THREE DAY NOTICE RULE:

     BY THE VERY WORDS OF RULE 15, SECTION 4 OF THE RULES OF COURT, THE MOVING PARTY IS REQUIRED TO SERVE MOTIONS IN SUCH A MANNER AS TO ENSURE THE RECEIPT THEREOF BY THE OTHER PARTY AT LEAST THREE DAYS BEFORE THE DATE OF HEARING. The purpose of the rule is to prevent a surprise and to afford the adverse party a chance to be heard before the motion is resolved by the trial court. Plainly, the rule does not require that the court receive the notice three days prior to the hearing date. (Republic vs. Diaz-Enriquez [2013]).

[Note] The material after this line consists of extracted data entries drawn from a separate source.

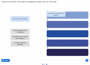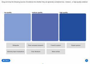 As previously outlined the course also contains custom developed H5P elements. These ungraded elements are mostly drag & drop activities that help you understand essential processes of humanitarian research. Here are a few examples: The first screenshot shows a drag & drop activity on the humanitarian cycle. In the second activity you’ll learn to differentiate between high- and low-quality evidence.
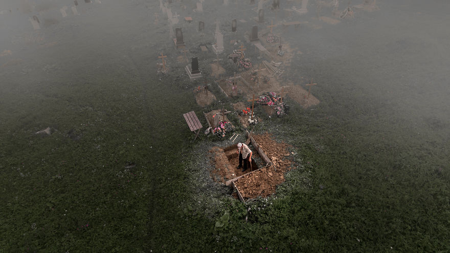 Πρωινό με ομίχλη στην Ουκρανία, όπου ο φωτογράφος ανακάλυψε έναν άντρα να σκάβει έναν τάφο με τα γυμνά χέρια του σε ένα μικρό νεκροταφείο.
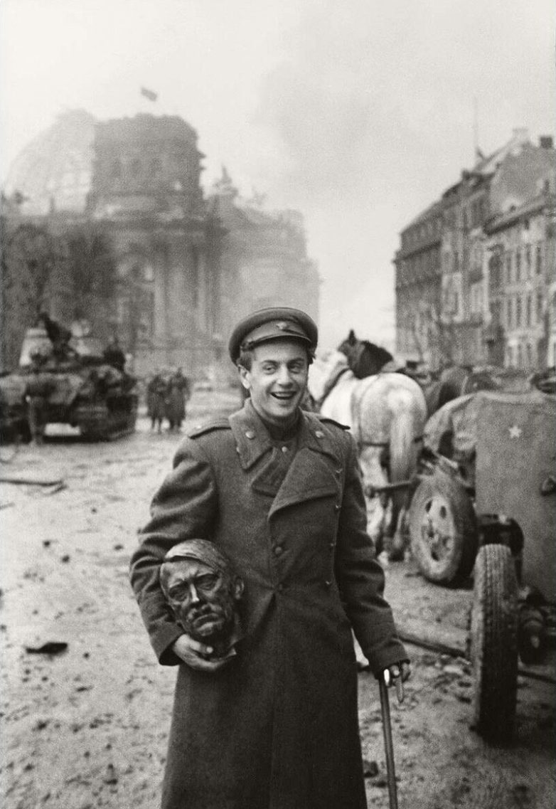 Ещё один знаменитый кадр Халдея. Поэт Евгений Долматовский со скульптурной головой Гитлера в Берлине
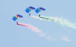 Ora gli sguardi sono rivolti al cielo, oggi limpido, per lo spettacolo più bello: i paracadutisti che solitamente chiudono la parata lanciandosi in aria e atterrando in prossimità delle tribune d’onore.
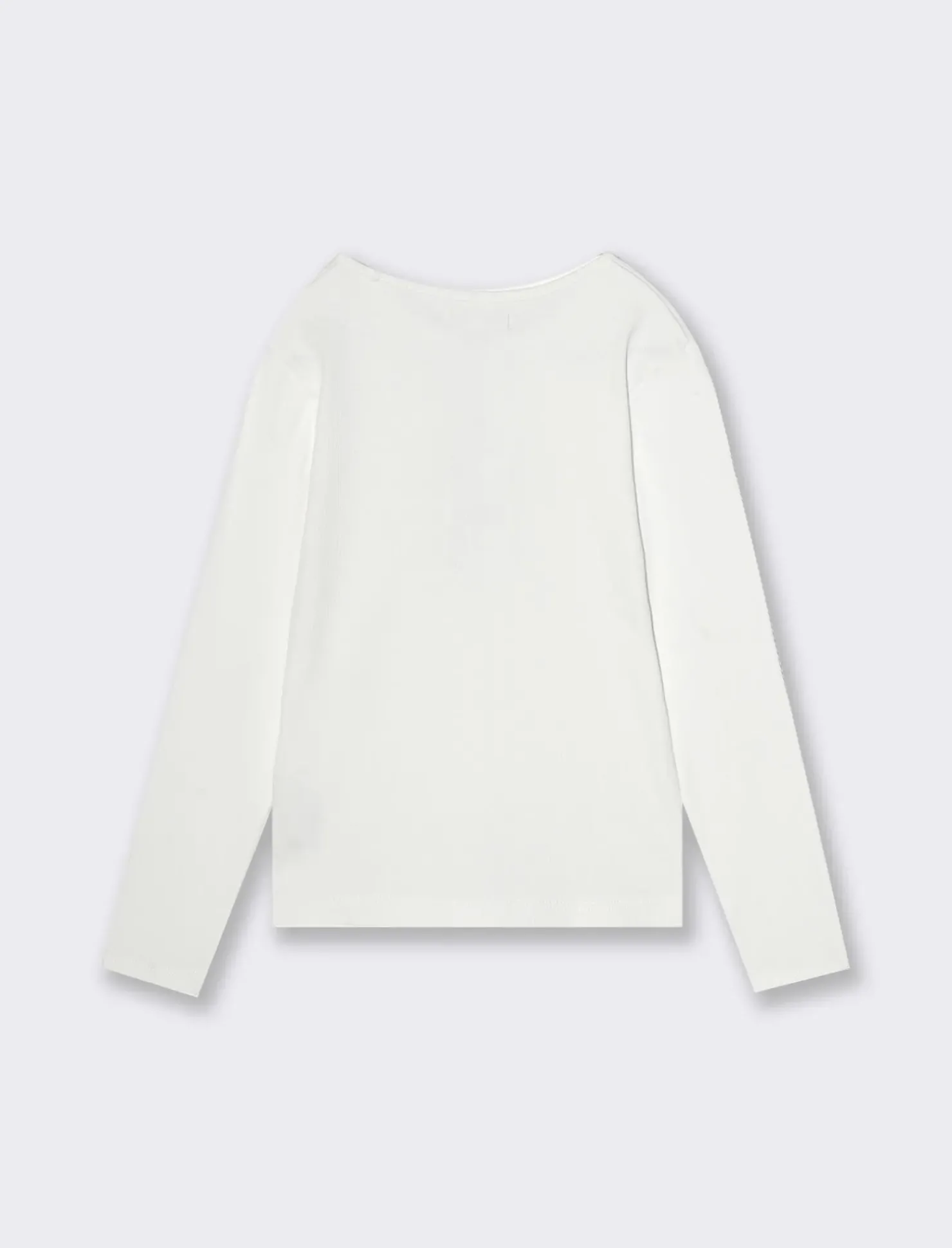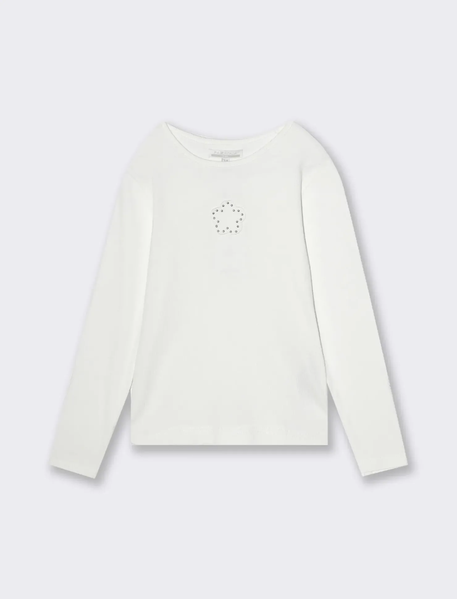 T-shirt in costina per bambina, perfetta per un look casual e alla moda. Realizzata in morbido cotone elastico, con maniche lunghe e dettagli patch con borchie sul davanti. Un capo comodo e trendy, ideale per le giornate all’aria aperta o per un’uscita con gli amici. Il prodotto è di colore Bianco sporco

Thursday, February 11, 2016

ESTOPPEL:

    “[U]NDER THE DOCTRINE OF ESTOPPEL, AN ADMISSION OR REPRESENTATION IS RENDERED CONCLUSIVE UPON THE PERSON MAKING IT, AND CANNOT BE DENIED OR DISPROVED AS AGAINST THE PERSON RELYING THEREON. A party may not go back on his own acts and representations to the prejudice of the other party who relied upon them. In the law of evidence, whenever a party has, by his own declaration, act, or omission, intentionally and deliberately led another to believe a particular thing [to be] true, and to act upon such belief, he cannot, in any litigation arising out of such declaration, act, or omission, be permitted to falsify it.” (SPOUSES MANZANILLA VS. WATERFIELDS INDUSTRIES CORPORATION [2014]).

Tuesday, February 9, 2016

AN ADMISSION, VERBAL OR WRITTEN, MADE BY A PARTY IN THE COURSE OF THE PROCEEDINGS IN THE SAME CASE DOES NOT REQUIRE PROOF:

    It may be made: (a) in the pleadings filed by the parties; (b) in the course of the trial either by verbal or written manifestations or stipulations; or (c) in other stages of judicial proceedings, as in the pre-trial of the case. When made in the same case in which it is offered, “no evidence is needed to prove the same and it cannot be contradicted unless it is shown to have been made through palpable mistake or when no such admission was made.” The admission becomes conclusive on him, and all proofs submitted contrary thereto or inconsistent therewith should be ignored, whether an objection is interposed by the adverse party or not. (Republic vs. Estate of Hans Menzi [2012]).

Friday, February 5, 2016

SUFFICIENCY OF AN INFORMATION:

[U]nder Section 6, the Information is sufficient if it contains the full name of the accused, the designation of the offense given by the statute, the acts or omissions constituting the offense, the name of the offended party, the approximate date, and the place of the offense.” The rule is that qualifying circumstances must be properly pleaded in the Information in order not to violate the accused’s constitutional right to be properly informed of the nature and cause of the accusation against him. However, accused never claimed that he was deprived of his right to be fully apprised of the nature of the charges against him due to the insufficiency of the Information.Also an Information which lacks essential allegations may still sustain a conviction when the accused fails to object to its sufficiency during the trial, and the deficiency was cured by competent evidence presented therein.” (PEOPLE VS. ASILAN [2012]).


Thursday, February 4, 2016

ARREST IS THE TAKING OF A PERSON INTO CUSTODY THAT HE MAY BE BOUND TO ANSWER FOR THE COMMISSION OF AN OFFENSE:

    An arrest is effected by an actual restraint of the person to be arrested or by his voluntary submission to the custody of the person making the arrest. (SANCHEZ VS. PEOPLE [2014]).